APIセミナー
Date & Time: May 29 (Tue), 2012 16:30- 17:30
Venue: Tonan-tei (Room No. 201), Inamori Foundation Memorial Bldg.,CSEAS, Kyoto University
Moderator: Prof. Yoko Hayami (CSEAS, Kyoto University)
Presentation:
By Vicente C. Handa, Ph.D.
Associate Professor
Division of Science Education,
West Visayas State University, Philippines
Indigenization and Hybridization of Science Curriculum: Models of Culturally Relevant Science Education in the Philippines and Thailand
Abstract
Section 1:
In this paper, I will build my discussion around indigenous knowledge and its parity with various ways of knowing nature including traditional ecological knowledge, indigenous ways of living in nature, a Japanese way of knowing seigo-shizen, and Eurocentric sciences. I will situate my discussion in Philippine postcolonial realities, where categorical boundaries are blurred, and any attempt to create culturally relevant preservice science teacher preparation will create confusions and tensions between/among/within abovementioned discourses. The Philippines is a highly colonized country—physically, for more than 300 hundred years, and mentally, after our colonizers have long gone.
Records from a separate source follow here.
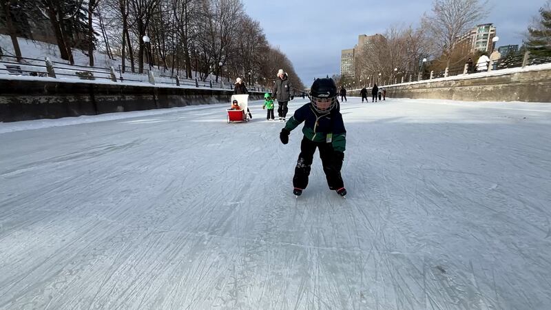 Rideau Canal Skateway in Ottawa, 2026 A young skater using an assist to practise gliding along the Rideau Canal Skateway in Ottawa on January 5, 2026. (CTV News Ottawa)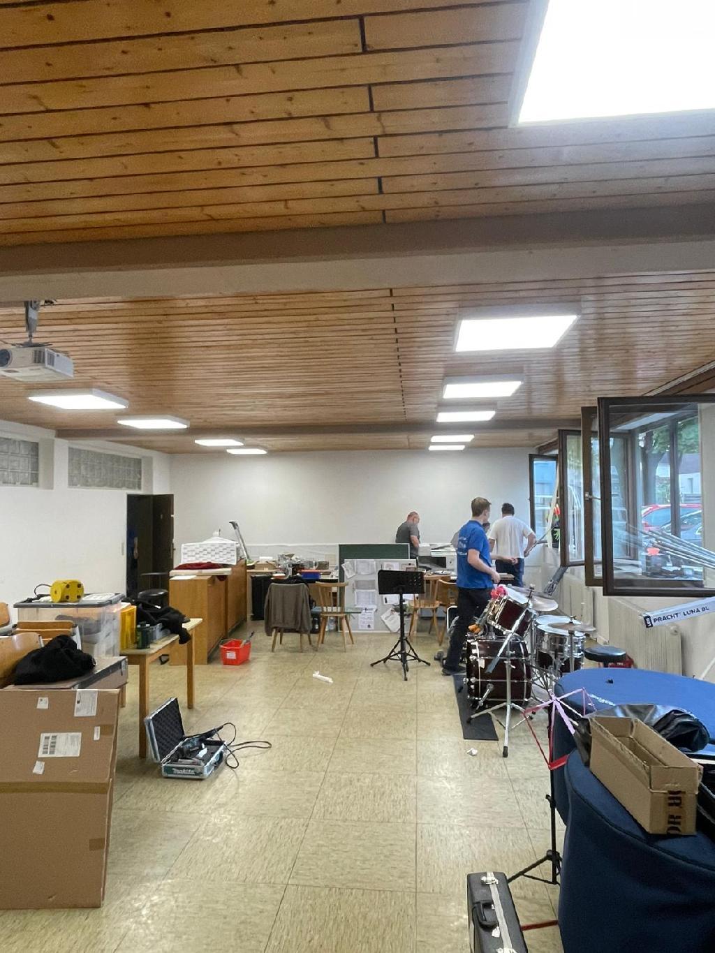 „Der alte Muff musste raus“, hieß es entschlossen – und mit ihm auch die letzten Spinnweben der 90er. Denn wo Musik erklingen soll, braucht es frische Luft, klare Linien und ein bisschen Glanz auf dem Boden. Neben dem Musikzugausschuss, dem leitenden Gremium der musikalischen Abteilung, packten auch weitere Mitglieder kräftig mit an. Ob mit Schraubenzieher oder Staubwedel – Teamgeist war das Instrument des Tages.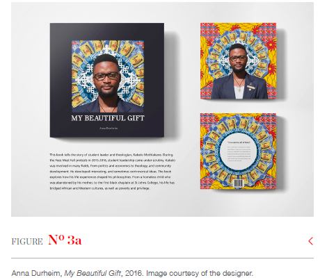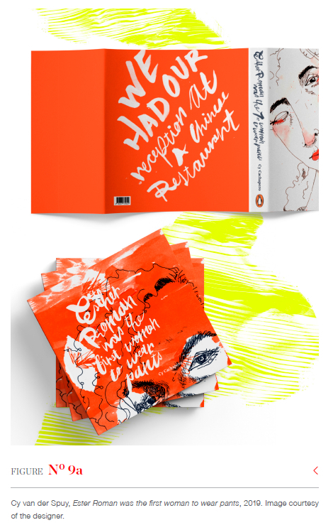 This extract also illustrates how the text informed the designer's approach to imaging and typography which is eclectic, reflective and authentic to the narrative of the book. Durrheim was able to achieve this because of her direct access to the protagonist and insight into his life experiences.
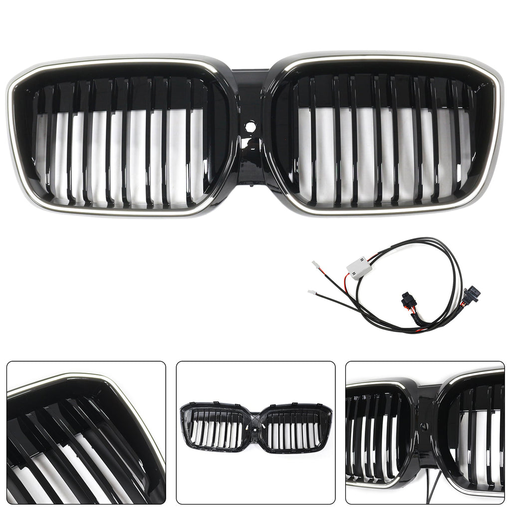 Double Slat Gloss Black Front Kidney Grill Grille Fit BMW IX3 G08 LCI 2022-2024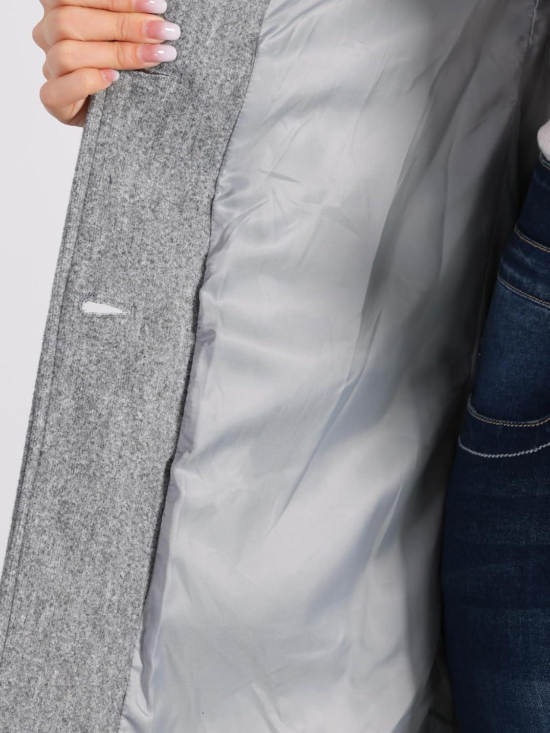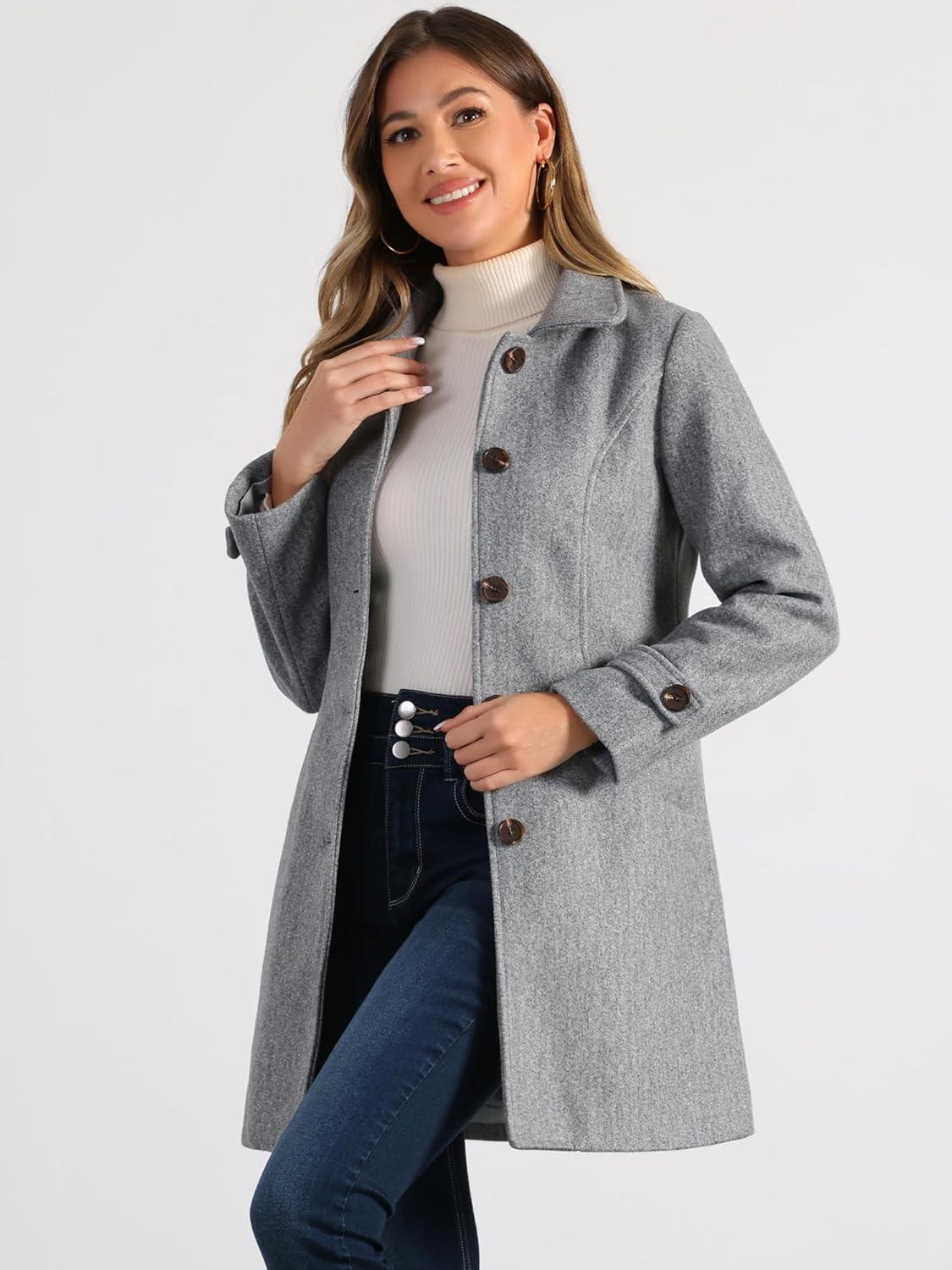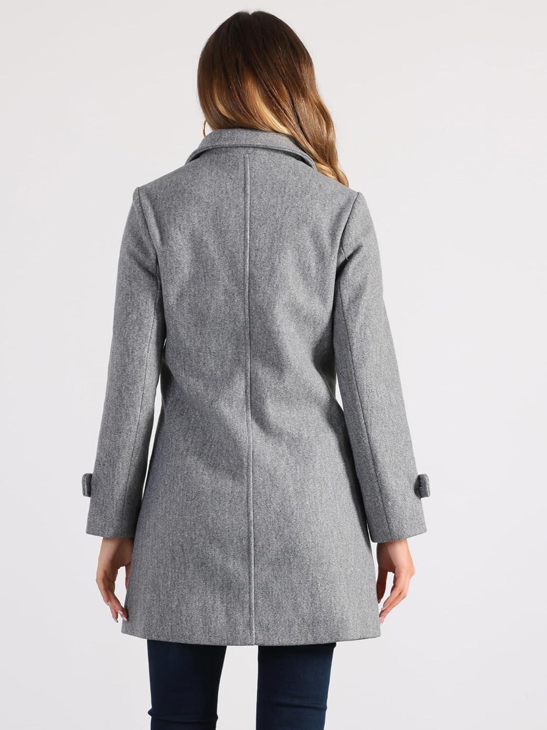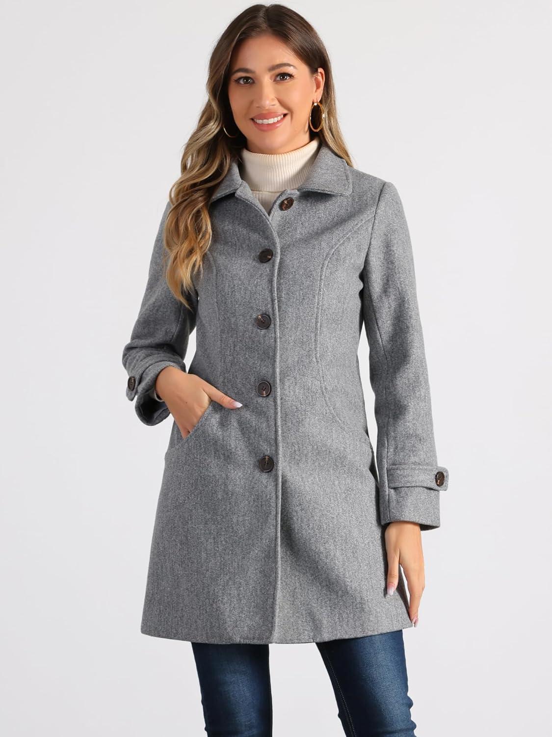 Allegra K Women’s Winter Outerwear Overcoat Peter Pan Collar Mid-thigh A-line Single Breasted Pea Coat(Gray)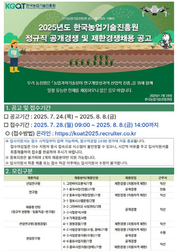 Áö¿ø¼´Â 8ÀÏ ¿ÀÈÄ 2½Ã±îÁö ³óÁø¿ø ä¿ë Àü¿ë ȨÆäÀÌÁö(https://koat2025.recruiter.co.kr/)¸¦ ÅëÇØ ³»¸é µÈ´Ù. ÀÚ¼¼ÇÑ »çÇ×Àº ³óÁø¿ø °ø½Ä ȨÆäÀÌÁö(https//www.koat.or.kr)¿¡¼ È®ÀÎÇÒ ¼ö ÀÖ´Ù.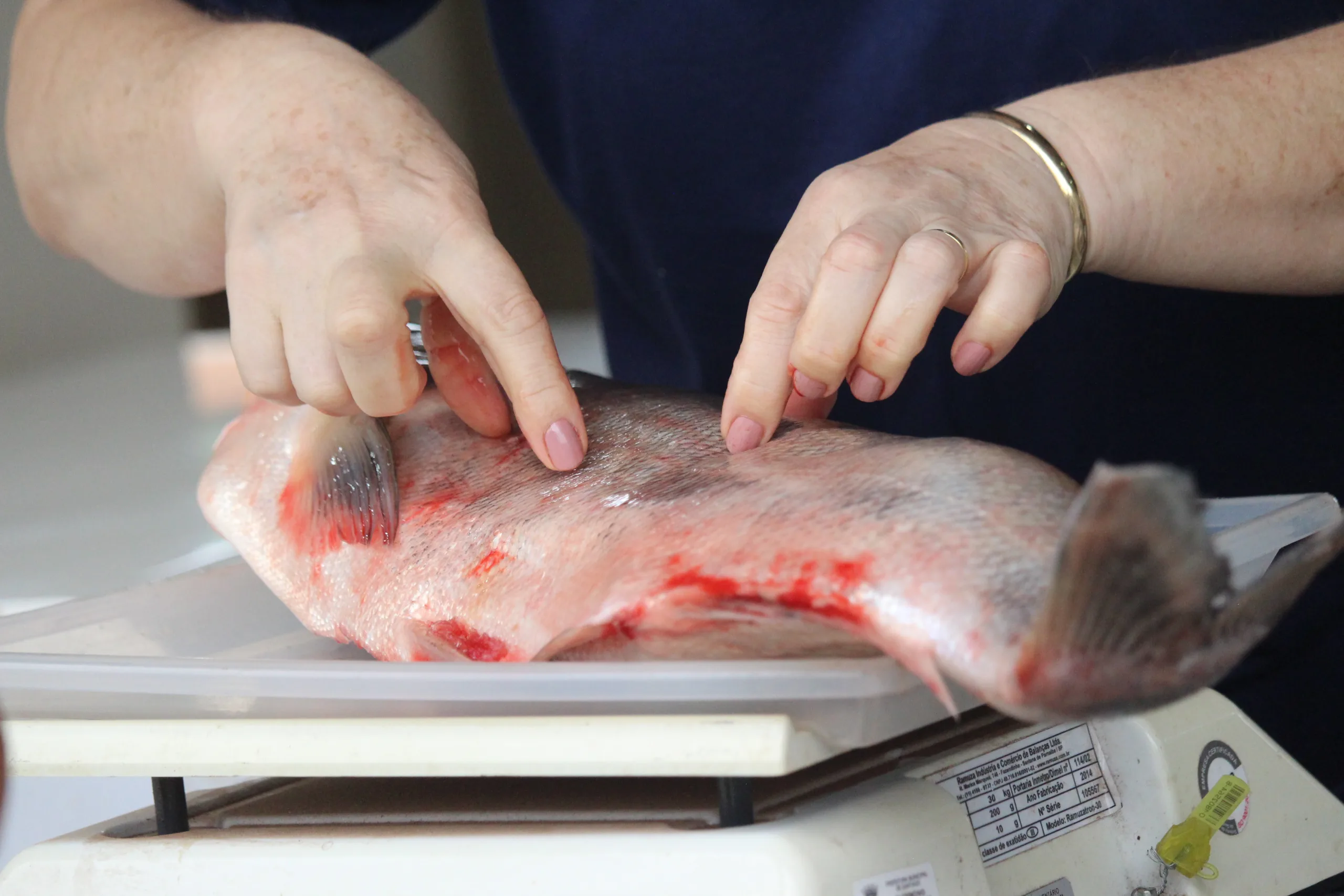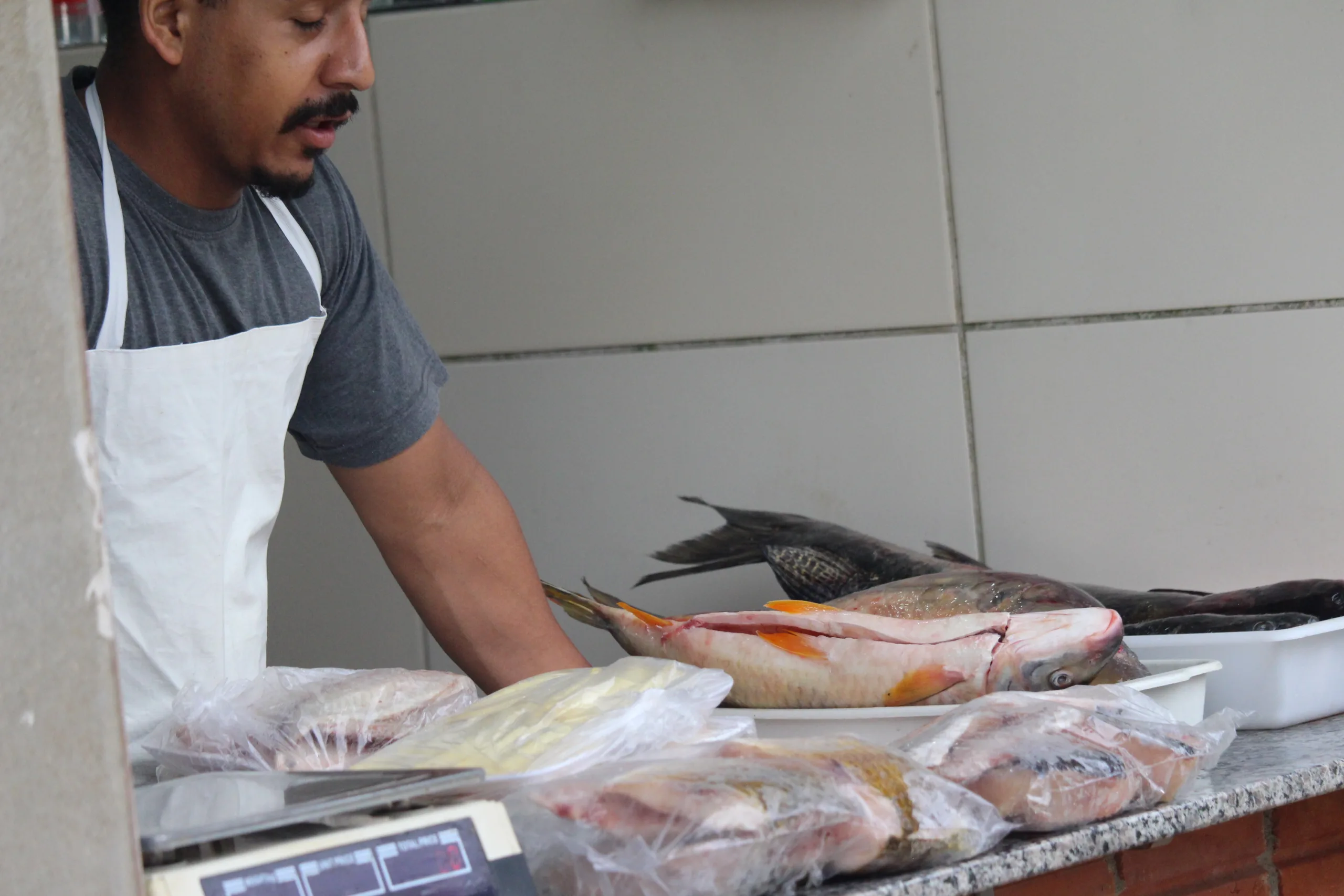 Limpeza – Para quem quiser já levar seu peixe limpo, há uma equipe fazendo o serviço.

The marks of colonization are still present in our consciousness, in our current local knowledge and in our ways of living with nature. In the attempt to create a “third space” for culturally relevant science teacher preparation, tensions are highlighted and categorical boundaries are troubled. Where is science? Which one is indigenous/traditional ecological knowledge? Which one is Filipino? Which one is foreign? Which one is ours? Which one is borrowed? These tensions and insights are highlighted through analysis of narratives drawn from interviews with and written outputs of prospective science teachers, as they attempted to make sense of the local knowledge of residents of a rural coastal village in the Philippines during Community Immersion, a community-centered, early-field experience in science teacher preparation.
Section 2:
Culture often mediates knowledge production in a particular country. In Thailand, where Western scientific knowledge stands side by side with local wisdom, how does science education negotiate these two different and often times conflicting pathways of knowledge production and create hybrid spaces in order to expand the boundary of official science? Drawn from multi-site ethnographic studies in schools—in basic education and preservice science teacher preparation—and in local villages, I will discuss the epistemological basis of Thai local wisdom and Western science and discuss how hybrid spaces are created in schools to accommodate local wisdom in science instruction. Furthermore, I will present models of culturally relevant science education in Thailand, both from the macro- and micro-perspective, and discuss how these might inform science education in the Philippines and other Southeast Asian countries.
Brief Introduction of Vicente C. Handa
Dr. Vicente C. Handa is an associate professor of science education and qualitative research in the Division of Science Education at the West Visayas State University in Iloilo City, Philippines. Dr. Handa finished his Ph. D. in Science Education degree from the University of Georgia as a Fulbright scholar from the Philippines. His research interests center around the socio-cultural dimension of science education, particularly on the use of place-based, community-centered, and culturally relevant pedagogies in the preparation of prospective science teachers. A fellow of the Nippon Foundation Fellowships for Asian Public Intellectuals, his research attempts to understand the indigenization and hybridization of science curriculum both in Thailand and Japan.